Pengaruh JRPG dalam Musik The Panturas

Selanjutnya ada Breath of Fire IV. Jika gim-gim JRPG zaman itu banyak mengambil latar versi fantasi abad pertengahan Eropa dari kacamata Jepang (yang kadang kelewat berlebihan), Breath of Fire IV lebih mengeksplorasi sisi geografis yang lebih “oriental” –berbau Timur dari kacamata Barat. Gim ini juga menyuguhkan nuansa Tiongkok, Arab, hingga India, area-area yang dilewati Jalur Sutra ditambah daerah Bulan Sabit Subur. Ini direpresentasikan melalui aspek visual, karakter, dan tentunya musik latar.
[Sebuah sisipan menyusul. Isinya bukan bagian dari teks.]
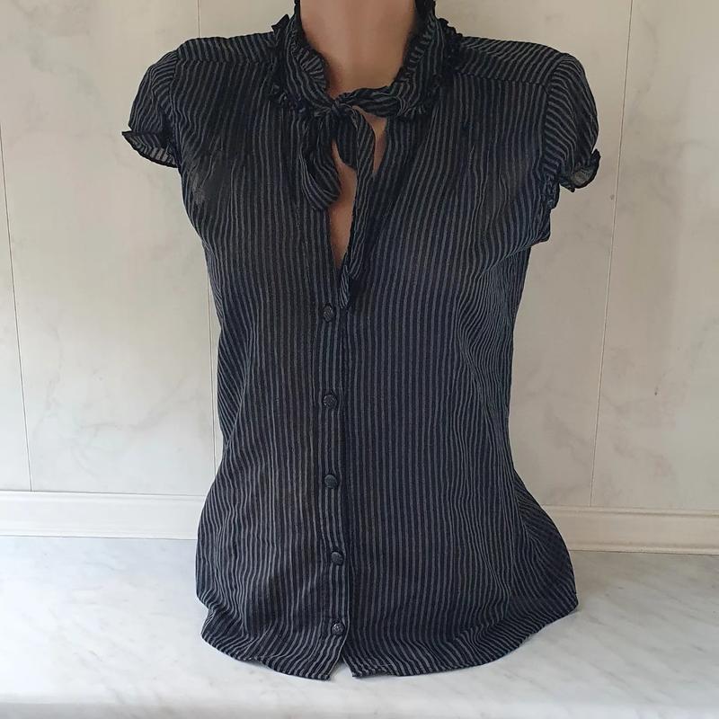 H&m швеція красива блуза жіноча кофточка стрейчева чорно-сіра розширена без рукавів ошатна
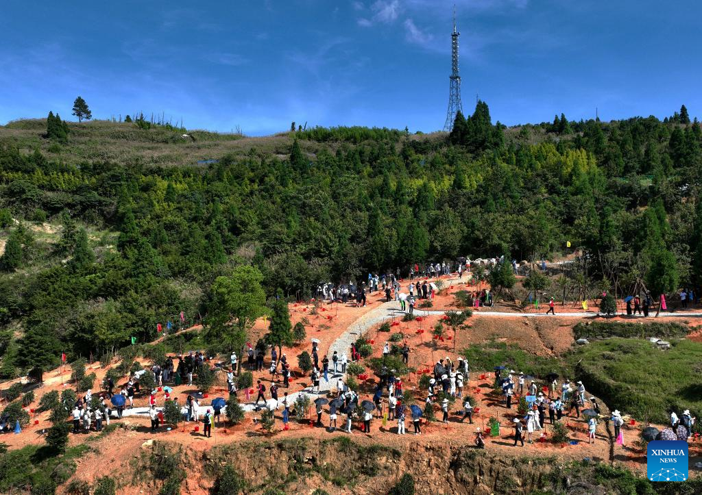 A drone photo taken on June 24, 2024 shows Chinese and foreign participants of "Bond with Kuliang: 2024 China-U.S. Youth Festival" planting trees of friendship in Kuliang, Fuzhou, southeast China's Fujian Province. The "Bond with Kuliang: 2024 China-U.S. Youth Festival" opened on Monday is co-organized by the Chinese People's Association for Friendship with Foreign Countries, the Fujian Provincial People's Government, and the All-China Youth Federation. More than 200 American youth and over 300 of their Chinese counterparts attended the event. (Xinhua/Wei Peiquan)
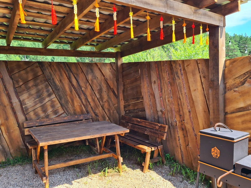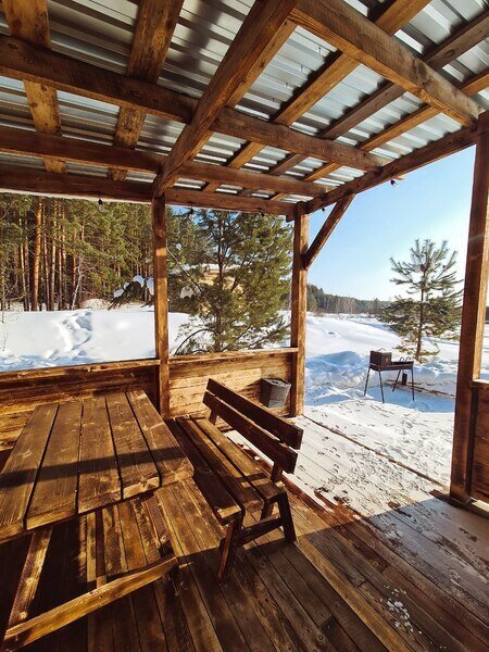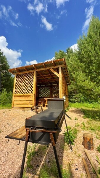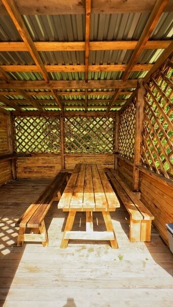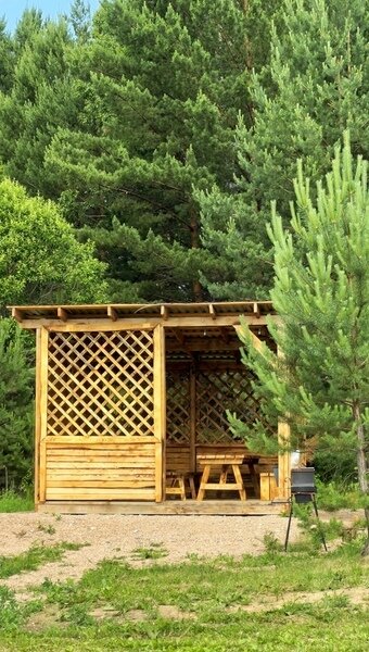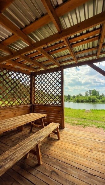 Открытая беседка на 10-12 человек. Есть электричество и освещение. Стоимость — 250–350 ₽/час. В стоимость входит использование мангала–барбекю с шампурами.

Biarpun Ryu, Nina, dan kawan-kawan banyak melewati daerah padang pasir, musik yang digunakan tidak se-Timur Tengah Azure Dreams. Yang menjadi perhatian dalam scoring Breath of Fire IV adalah musik berbau India, perpaduan antara tabla, sitar, ditambah bebunyian mirip gamelan. Komposisi Yoshino Aoki yang juga mengerjakan scoring untuk beberapa judul serial Mega Man dan berpartisipasi dalam Final Fantasy XV sangat memikat di sini. Hal tersebut menjadi jembatan saya saat mengeksplorasi band-band raga rock psikadelik barat titisan Ravi Shankar, guru sitar George Harrison.

Breath of Fire IV merupakan gim yang penuh dengan teka-teki, namun teka-teki di sana tidak membuat saya mentok dan berhenti bermain. Serial Wild Arms lah yang bisa membuat saya berhenti bermain sejenak dan mencoba peruntungan lagi beberapa bulan ke depan (beberapa karena kebingungan masalah terjemahan). Serial ini juga lah yang membuka jalan saya memainkan JRPG.
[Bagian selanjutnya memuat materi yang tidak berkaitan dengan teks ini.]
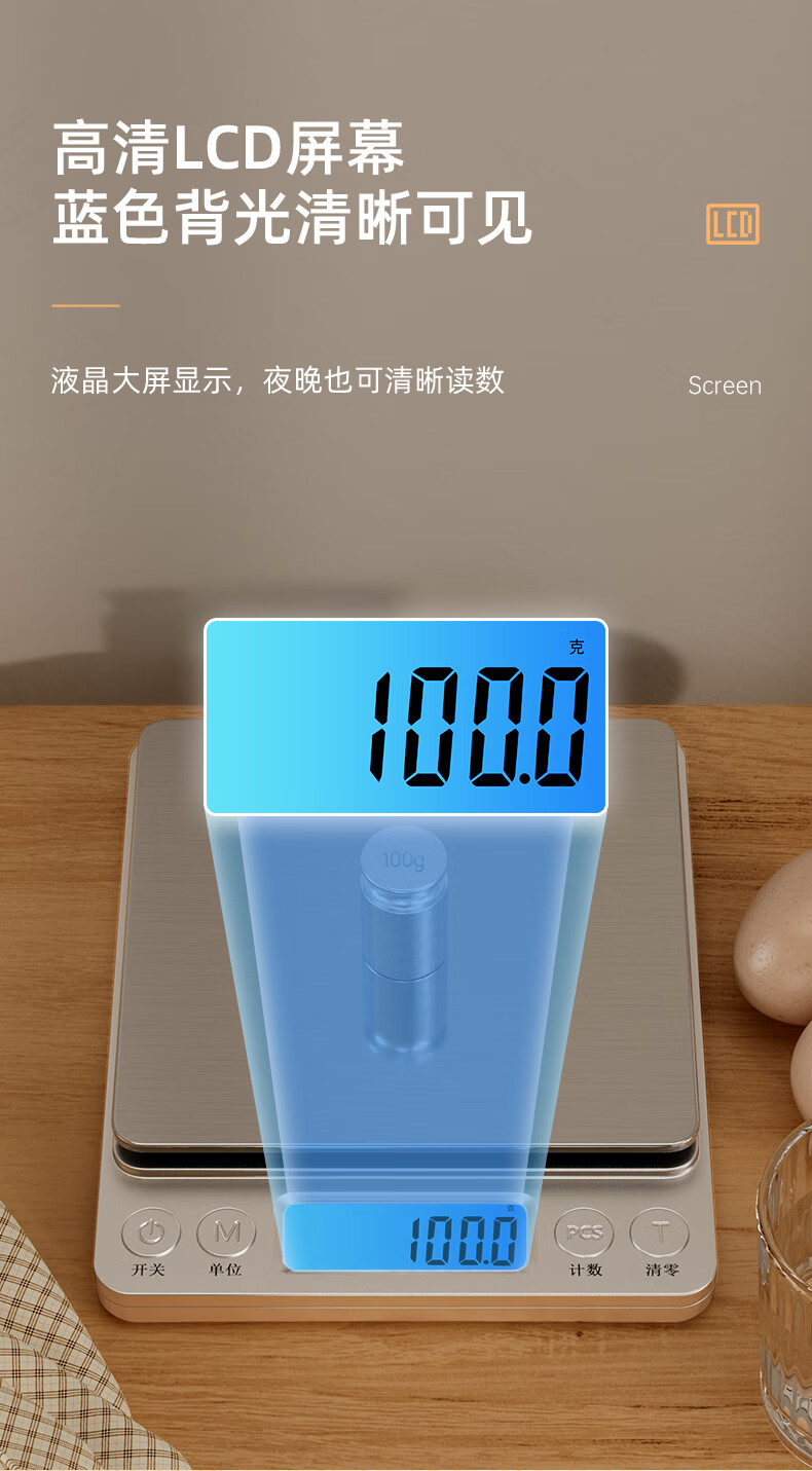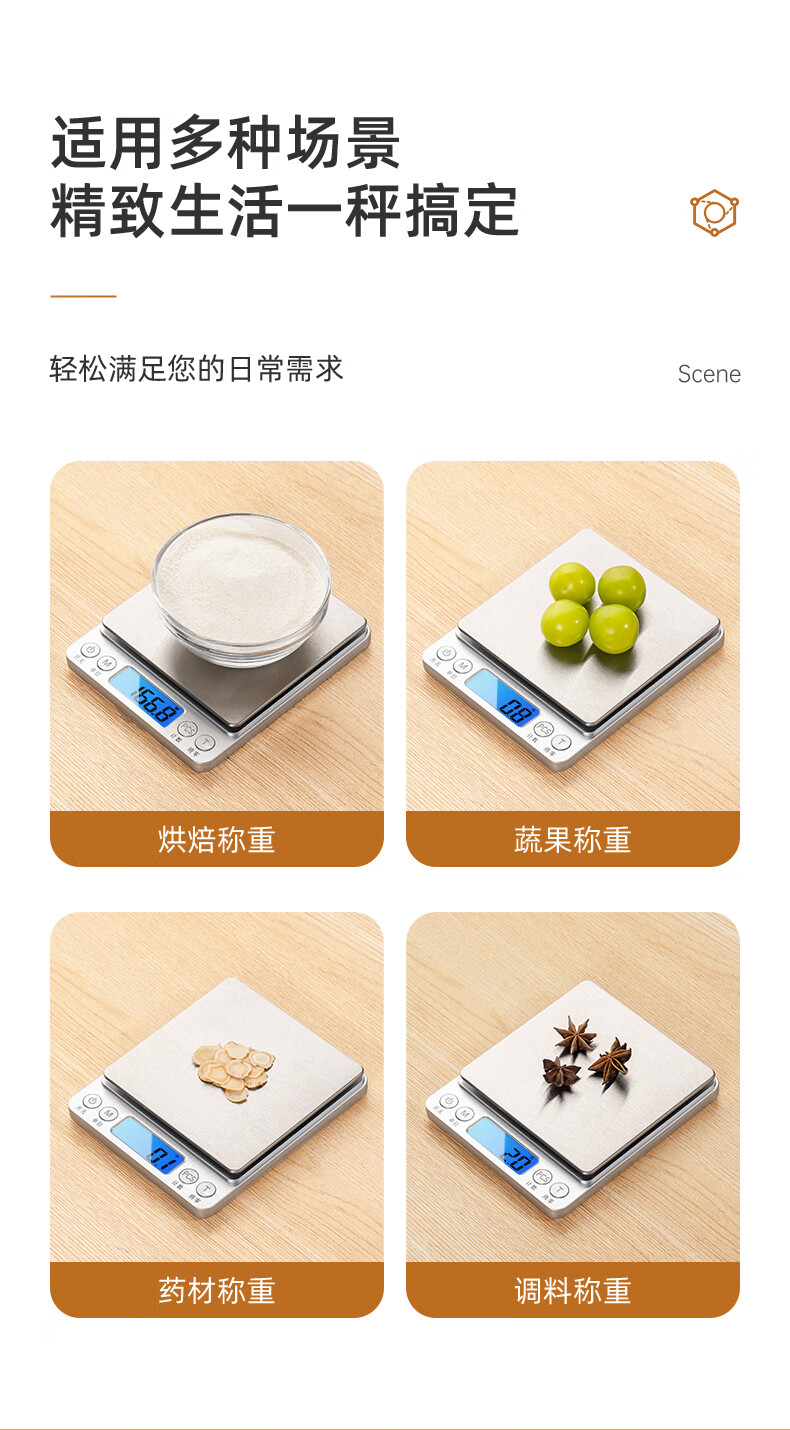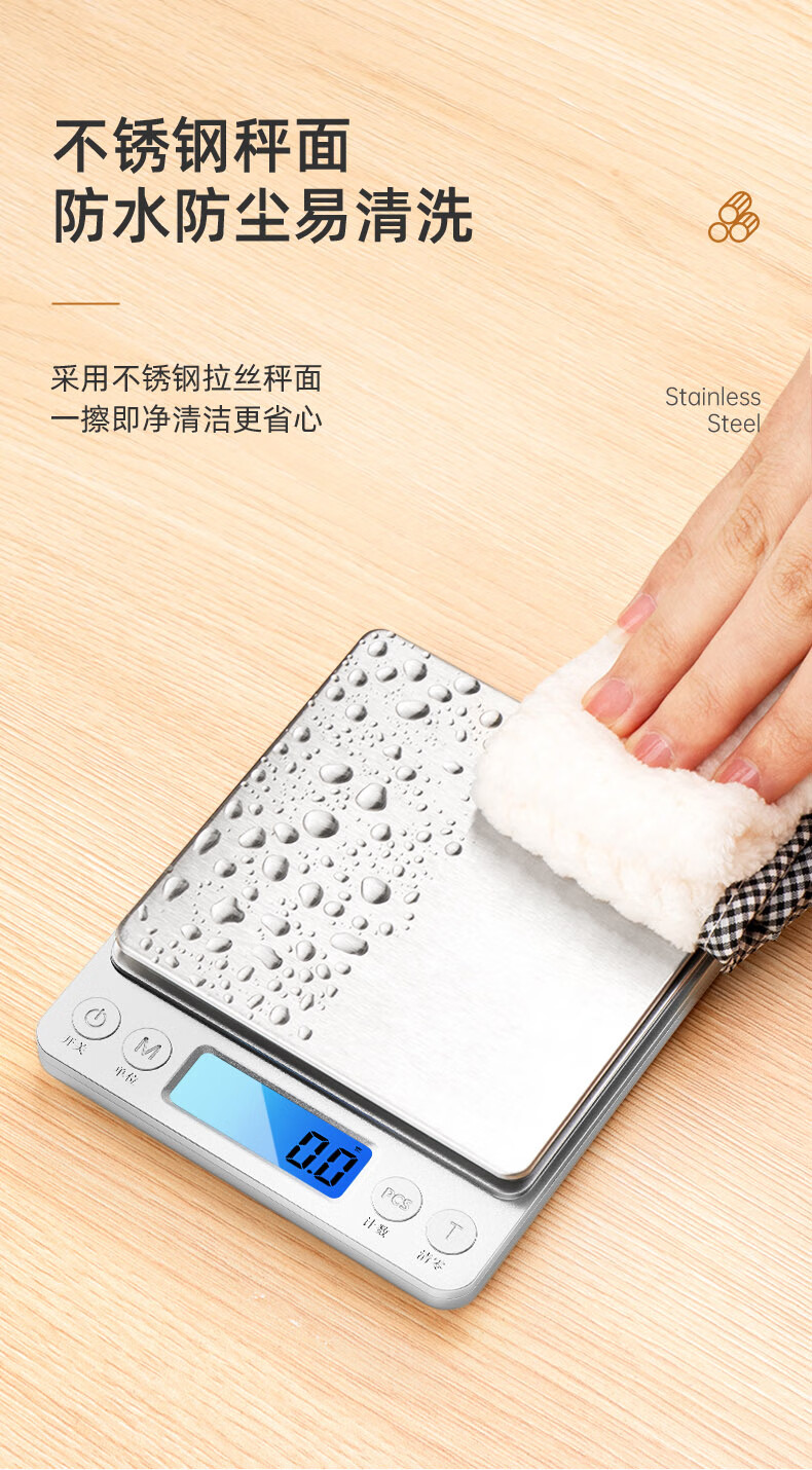 Meilen electronic scale kitchen scale household small high-precision baking scale gram weight food scale stainless steel scale surface 0.1g

Sebelum memiliki konsol PS1 sendiri, saya hanya kenal Winning Eleven dan beberapa gim fighting. Sepak bola tidak terlalu menarik perhatian karena orang-orang yang saya kenal selalu lebih baik dari saya. Karena itu, fighting selalu jadi pilihan saat numpang main PS di rumah teman atau saudara. Kebanyakan gim fighting, seperti Street Fighter, Bloody Roar, dan Psychic Force punya visual macam anime, begitu pun dengan Wild Arms. Jadi, saya pikir gim ini merupakan gim fighting dan memutuskan menjadikan Wild Arms sebagai kaset PS pertama yang saya beli.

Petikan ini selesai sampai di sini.